(draft)
Ch. ____ Drops of Water
“We
shall be like drops of water, falling on a stone,
Splashing,
breaking, dispersing in air,
Weaker
than the stone by far, but be aware,
As
time goes by, the stone will wear away.”
Holly Near and Meg Christian
One morning, I reported to court for assignment of a
case to trial for the next day. The courtroom was abuzz with gossip.
“I
hear that Judge Deiz is refusing to sit on any cases.”
“This
can’t be true,” I replied. “I have a hearing in front of her this afternoon.”
“Well,
supposedly, she is protesting something or other about South Africa.”
Once I
had received my assignment, I decided to go up a floor to family law Judge Mercedes
Deiz’s courtroom . The only African American judge on the bench in 1983, she
was a crusty, charismatic, no-nonsense woman, saucy and blunt, as liable to
interfere with a lawyer’s representation of a case as she was to chastise him
or her for failing to ask soon enough the questions to which she wanted
answers. “Get to it,” she would snap. “I haven’t all day.”
I
liked her. She sometimes ruled against my client, but generally for good
reason. And she appreciated novel lawyering. In one divorce case, I represented
a wife who had brought a substantial inheritance into the marriage. The husband
had spent it. After Deiz ruled in the wife’s favor, ordering a substantial judgment
and generous alimony, she lectured the husband on his profligacy and scolded
the wife for being so obtuse. Then she requested my presence in her chambers.
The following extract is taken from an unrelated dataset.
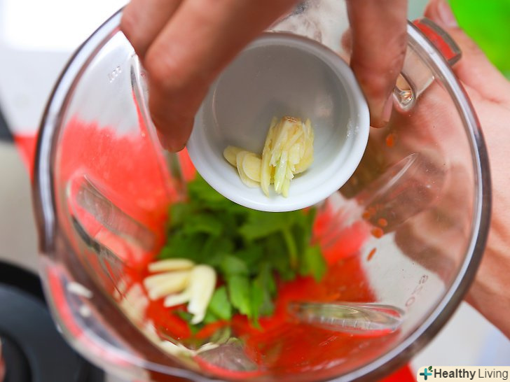 Помістіть помідори, часник і кінзу (коріандр) в міксер або кухонний комбайн.

Resigned to an upcoming lecture for some piece of malfeasance, I entered and
sat.
“Well,
I must say,” she said admiringly, “where did you get that phrase ‘financial
abuse?’”
“I
made it up, Judge,” I said, surprised by her inviting tone. “That’s what I
thought my client had suffered.”
“Hmph.,”
she congratulated me. “Well-done. I’ll have to use that saying in the future.”
It was
in front of Judge Deiz, however, that I committed my most shameful lawyering.
In that divorce case, she had ruled in favor of my recently naturalized Filipino
client, the husband, whose also-naturalized wife was represented by Mr. M____, a
lawyer so incompetent that he was subsequently disbarred.
My
client had only lamely sought custody, not actually wanting it. What hi did
want was to limit his alimony to his wife of twenty years; yet Judge Deiz had awarded
custody of the children to him, and the residence, and very small alimony
payments to his wife—a truly shocking ruling.
I had
taken the case as a referral from an immigration lawyer friend because it had
seemed that it would be easily settled. But mother’s attorney, this Mr. M_____,
had refused to settle, was oddly unavailable whenever I called, didn’t show up
for my depositions of the wife and her doctor, and lumbered into court ten
minutes late, while the wife sat nervously at counsel table waiting for him.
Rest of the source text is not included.